They are wrong about that. The empathy deficit is much more complex than either Obama or Biden seems to think. Besides, the dramatic declines in empathy preceded President Trump’s arrival on the political scene by more than two decades. Social science research data demonstrates a precipitous decline in empathy that began during the Clinton and Bush administrations and has continued for decades. As far back as 2010, researchers at the University of Michigan’s Institute for Social Research found that college students were 40 percent less empathetic than they were in the 1979. They found that the steepest declines emerged in the 10 years preceding the study.
According to the research, young people less often described themselves as “soft-hearted” or as having “tender, concerned feelings” for those around them. More of them say that “other people’s misfortunes” usually do not bother them. Boston Globe reporter Keith O’Brien concluded in an article based on the Michigan study that “Young Americans today live in a world of endless connections and up-to-the-minute information on one another, constantly updating friends, loved ones, and total strangers.… But … behind all this communication and connectedness, something is missing.… A world without empathy … is a world we wouldn’t want to live in.”

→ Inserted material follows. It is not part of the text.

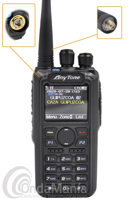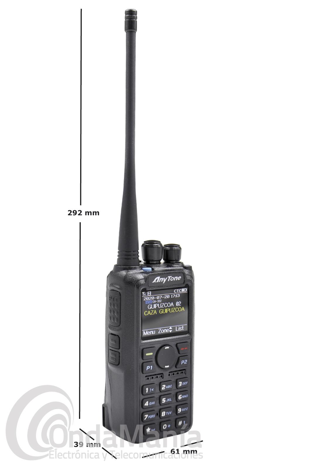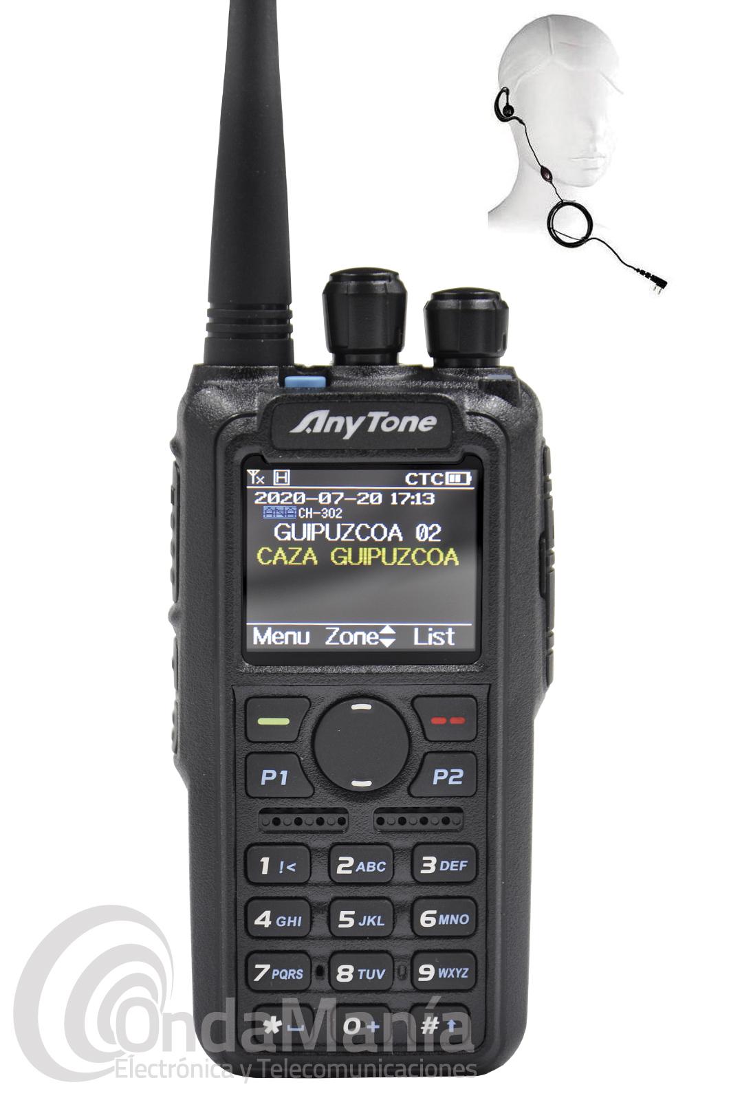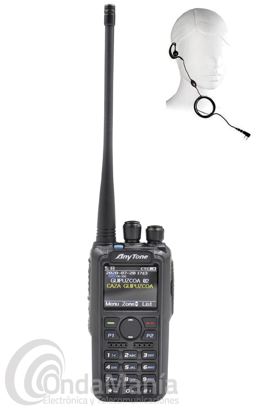 Walkie talkie digital DMR y analógico profesional con GPS incorporado, rango de frecuencia de 440 a 470 Mhz (UHF), Anytone AT-D878S-U ideal para caza, dispone de 4000 canales de memoria alfanuméricos, 9W de potencia, pantalla TFT de color con 1,77", incluye batería de Ion-litio con 3100 mAh, cargador de sobremesa y pinganillo de regalo.

It is possible that we are increasingly inundated with news to the point that we may be unable to process it all sufficiently. There is so much horror to deal with that we may simply be tuning it out. In just the past week we have been confronted with media images of a crying 10-year-old migrant child who has been abandoned in the desert near the Mexican border to fend for himself. This was preceded by the video of two toddlers being callously dropped over the border fence by men who were paid to deliver them to the United States but who left them frightened and alone in the desert until the Border Patrol rescued them. We are daily confronted with video of thousands of children in crammed into plastic holding pens at the border while they await their fate in the midst of political posturing on both sides of the political aisle.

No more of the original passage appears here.